ENTRIES SUPPLIED:
= Beginning of Section =

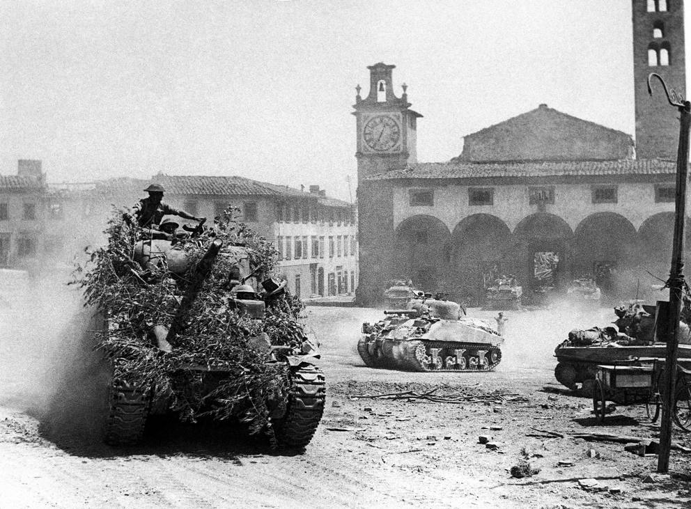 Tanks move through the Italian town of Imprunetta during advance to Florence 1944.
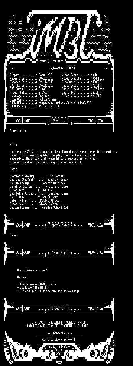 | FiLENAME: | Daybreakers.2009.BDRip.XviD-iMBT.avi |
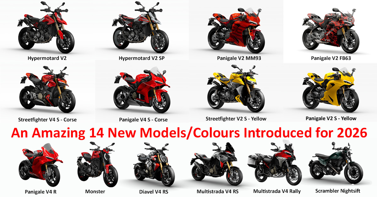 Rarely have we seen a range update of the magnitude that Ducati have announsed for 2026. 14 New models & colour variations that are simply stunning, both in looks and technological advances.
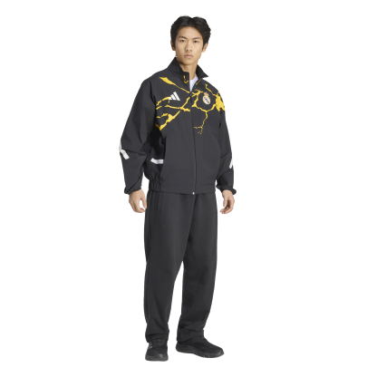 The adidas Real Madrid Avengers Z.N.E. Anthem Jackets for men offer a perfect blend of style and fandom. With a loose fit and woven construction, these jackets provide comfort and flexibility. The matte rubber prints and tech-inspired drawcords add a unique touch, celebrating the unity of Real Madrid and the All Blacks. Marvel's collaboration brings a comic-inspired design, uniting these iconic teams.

= End of Section =
= Beginning of Section =

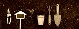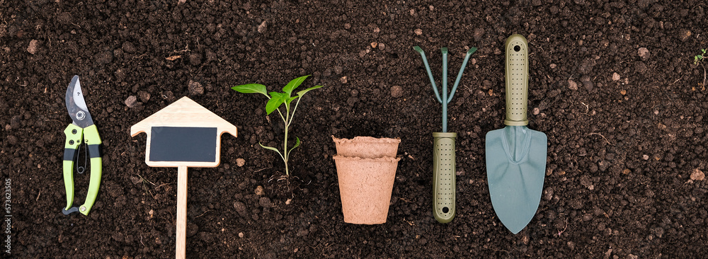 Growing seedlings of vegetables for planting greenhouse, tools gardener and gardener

= End of Section =
= Beginning of Section =

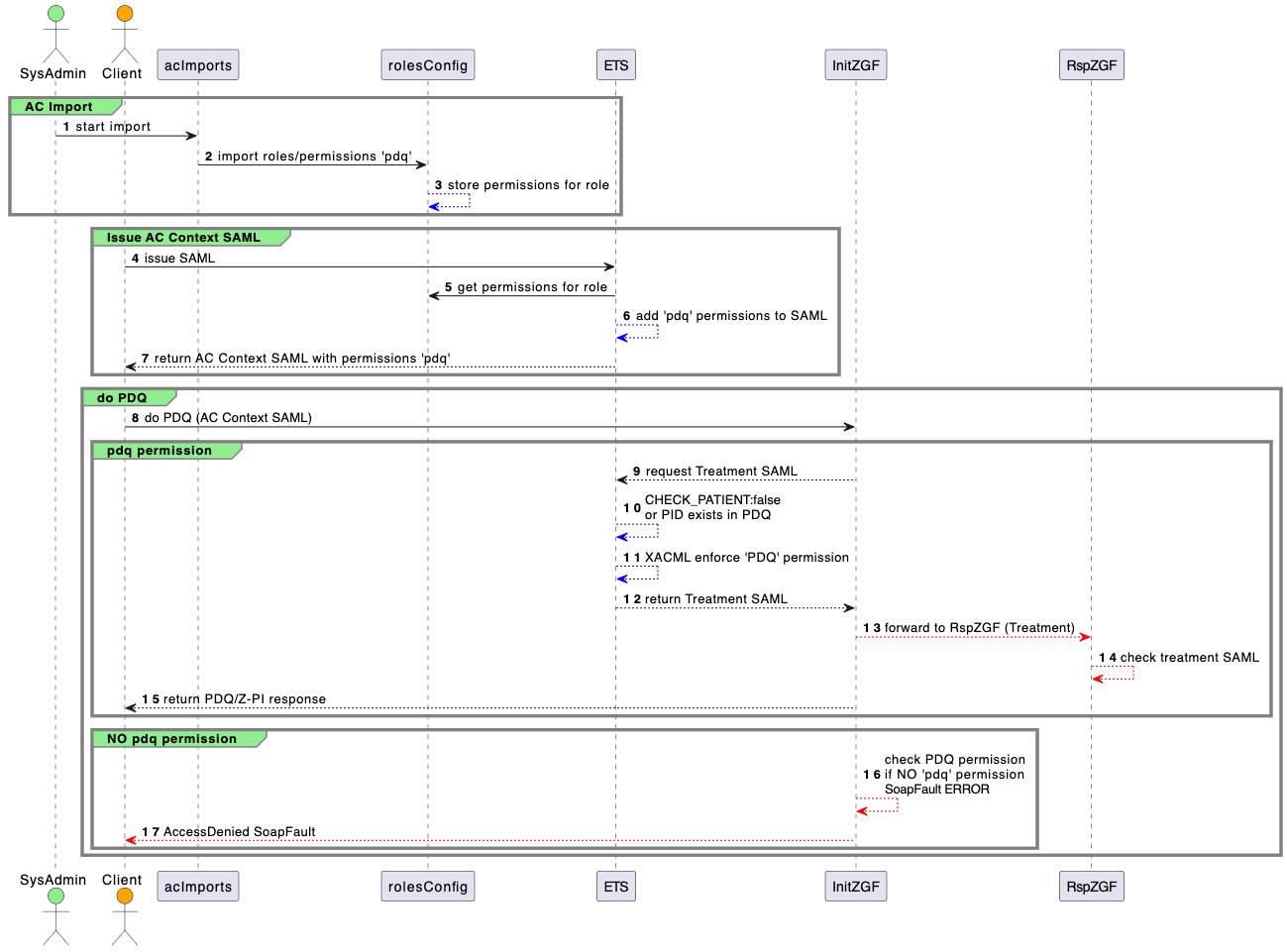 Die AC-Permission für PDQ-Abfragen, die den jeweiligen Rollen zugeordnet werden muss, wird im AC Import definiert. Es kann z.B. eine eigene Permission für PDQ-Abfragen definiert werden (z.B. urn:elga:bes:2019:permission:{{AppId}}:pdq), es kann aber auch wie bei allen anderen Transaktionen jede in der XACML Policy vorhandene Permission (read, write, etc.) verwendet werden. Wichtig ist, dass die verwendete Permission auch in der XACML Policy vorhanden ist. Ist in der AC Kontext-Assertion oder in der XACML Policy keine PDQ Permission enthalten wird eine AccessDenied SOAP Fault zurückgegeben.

= End of Section =

BRIEF: Print exactly, with no pictures, the lines above from the one that holds "Rarely have we" through the one that holds "The adidas Real", both of them included.

OUTPUT OF THE TASK:
 Rarely have we seen a range update of the magnitude that Ducati have announsed for 2026. 14 New models & colour variations that are simply stunning, both in looks and technological advances.
 The adidas Real Madrid Avengers Z.N.E. Anthem Jackets for men offer a perfect blend of style and fandom. With a loose fit and woven construction, these jackets provide comfort and flexibility. The matte rubber prints and tech-inspired drawcords add a unique touch, celebrating the unity of Real Madrid and the All Blacks. Marvel's collaboration brings a comic-inspired design, uniting these iconic teams.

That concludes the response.